There are many consequences from this “down-marketizing.” One that most seem to focus on is the increasing valuation, and consequently, declining returns. But what I find to be a more interesting observation is the transfer of wealth—from Wall Street investors to Main Street business owners. Emphasis: transfer of wealth to even the small business owners of Main Street, which were historically considered too small, too niche, or too risky to invest in.
Another vantage point that I have is that my father is an accountant with mostly small business clientele. And never would I have thought that my world of private equity investing would collide with his world of small business accounting. But about a year ago, I got a call from my father, who out of the blue asked if I knew of Greenbriar Equity. I said yes and asked why. Apparently one of his small business clients that provides commercial cleaning services was approached by a company owned by Greenbriar Equity. Huh?
When I got back to my office, I started looking into this. Does Greenbriar actually have a company in facilities management space? Yes. Have they been on an acquisition spree? Yes. Ok, so at least this doesn’t seem to be a complete scam. I called my father again, and he’d been gathering some more information. Apparently it wasn’t just his client that’s been approached, but a bunch of his friends in the area got the call.

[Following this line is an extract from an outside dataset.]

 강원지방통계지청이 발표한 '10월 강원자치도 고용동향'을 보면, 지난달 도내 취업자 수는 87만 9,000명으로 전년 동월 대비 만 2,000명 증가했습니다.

Without disclosing too much information, this cleaning business was doing mid-six figures of profit (before owner’s compensation). Greenbriar’s latest fund is $3.5 billion.
The owner didn’t end up selling, but if I had to guess, he was likely going to net low seven-figures. What a success story it’d have been for an immigrant small business owner!
Now, this is an isolated example, but this transfer of wealth is really happening. Private equity investing is getting more and more competitive, and one of the beneficiaries of this stiff competition is smaller business owners (and hopefully many immigrant small business owners who have been overlooked in the past).
A lingering question for me is: are these small business owners, especially immigrant small business owners, ready to take advantage of this phenomenon? What role can I play to help in this transfer of wealth?